Your instructions:
From the data below, repeat everything exactly except the images.

---------- Exercise data ----------

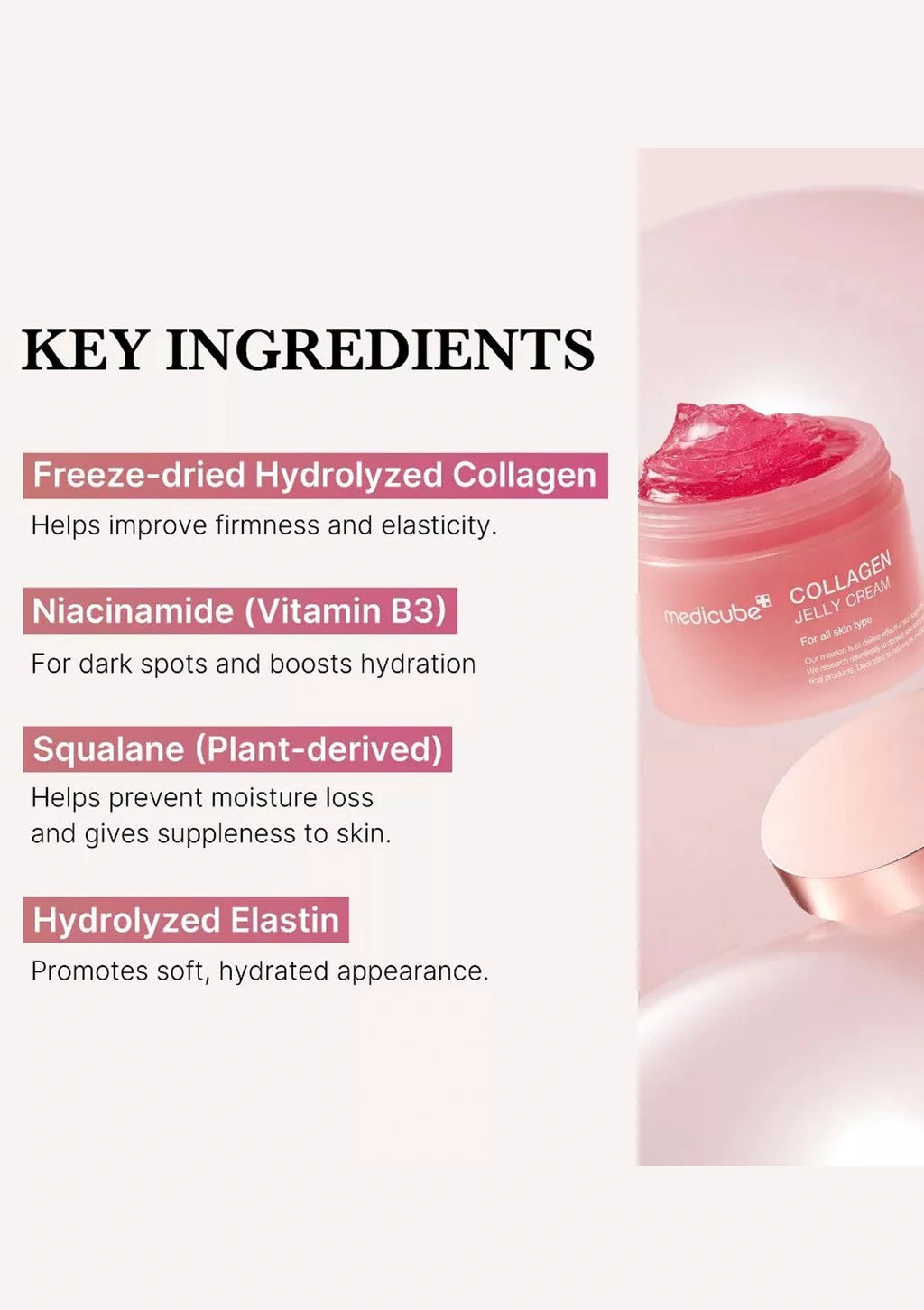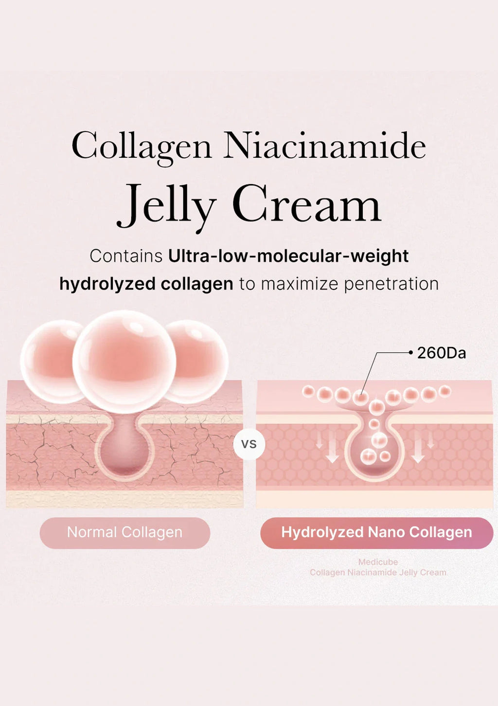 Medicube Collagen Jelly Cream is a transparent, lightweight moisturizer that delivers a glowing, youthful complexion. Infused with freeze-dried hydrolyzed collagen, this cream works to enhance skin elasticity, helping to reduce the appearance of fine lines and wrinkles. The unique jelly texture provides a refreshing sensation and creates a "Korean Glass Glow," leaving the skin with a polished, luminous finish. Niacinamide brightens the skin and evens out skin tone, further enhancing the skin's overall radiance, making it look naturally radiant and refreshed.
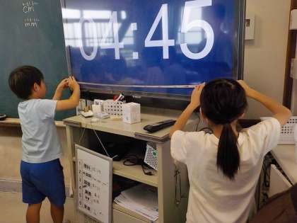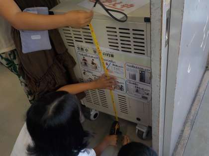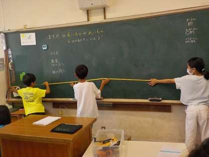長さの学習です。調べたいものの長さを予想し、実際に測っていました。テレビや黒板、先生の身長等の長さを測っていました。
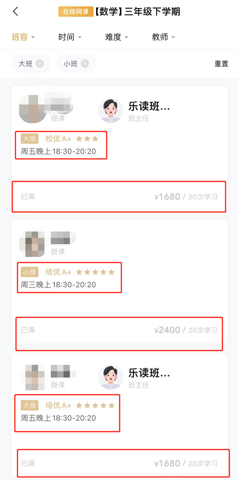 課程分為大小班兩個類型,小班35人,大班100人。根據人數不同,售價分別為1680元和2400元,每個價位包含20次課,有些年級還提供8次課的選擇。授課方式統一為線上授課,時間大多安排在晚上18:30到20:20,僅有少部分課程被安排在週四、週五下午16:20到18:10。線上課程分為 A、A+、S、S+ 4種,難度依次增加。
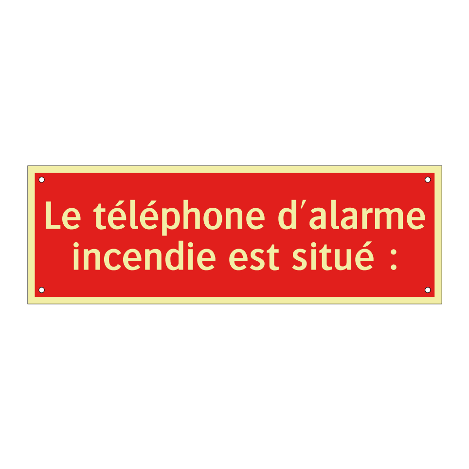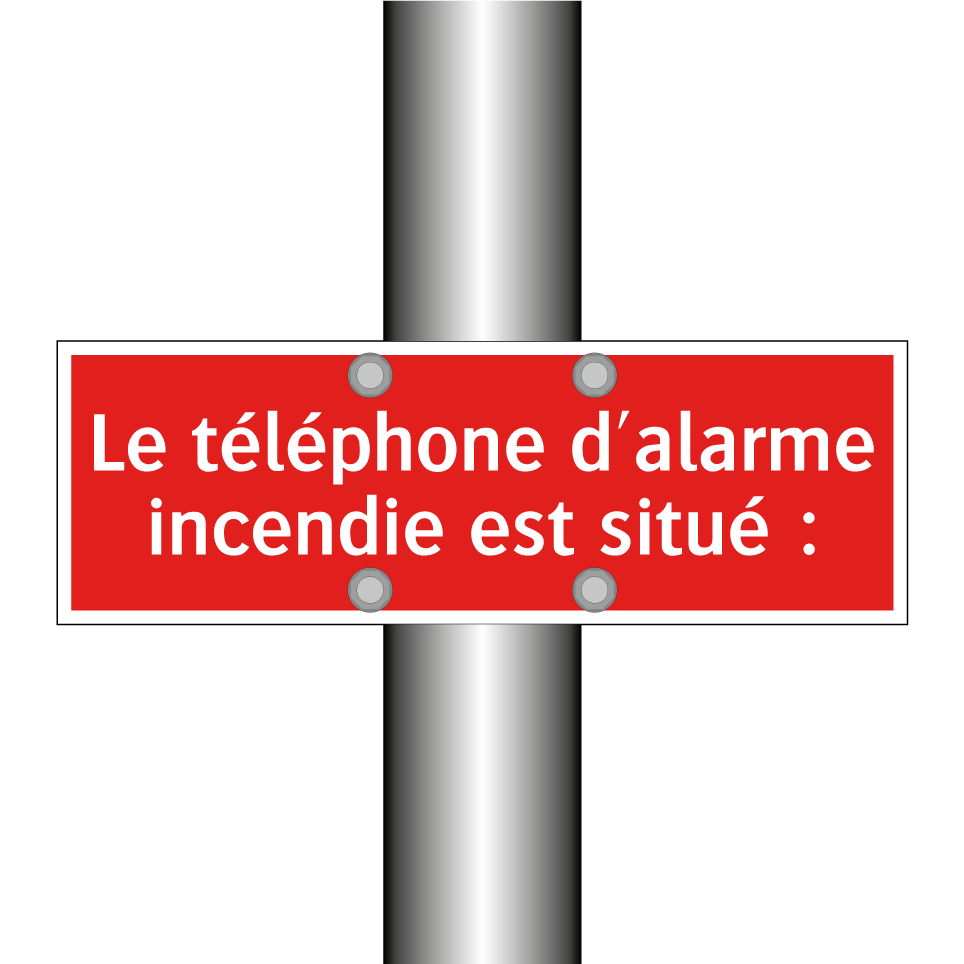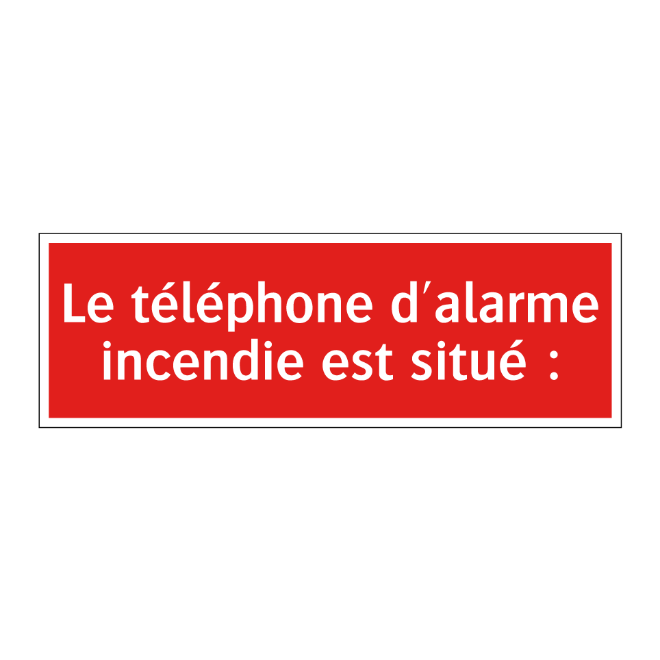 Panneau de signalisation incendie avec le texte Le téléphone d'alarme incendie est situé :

----------

Answer to the problem:
 Medicube Collagen Jelly Cream is a transparent, lightweight moisturizer that delivers a glowing, youthful complexion. Infused with freeze-dried hydrolyzed collagen, this cream works to enhance skin elasticity, helping to reduce the appearance of fine lines and wrinkles. The unique jelly texture provides a refreshing sensation and creates a "Korean Glass Glow," leaving the skin with a polished, luminous finish. Niacinamide brightens the skin and evens out skin tone, further enhancing the skin's overall radiance, making it look naturally radiant and refreshed.
長さの学習です。調べたいものの長さを予想し、実際に測っていました。テレビや黒板、先生の身長等の長さを測っていました。
 課程分為大小班兩個類型,小班35人,大班100人。根據人數不同,售價分別為1680元和2400元,每個價位包含20次課,有些年級還提供8次課的選擇。授課方式統一為線上授課,時間大多安排在晚上18:30到20:20,僅有少部分課程被安排在週四、週五下午16:20到18:10。線上課程分為 A、A+、S、S+ 4種,難度依次增加。
 Panneau de signalisation incendie avec le texte Le téléphone d'alarme incendie est situé :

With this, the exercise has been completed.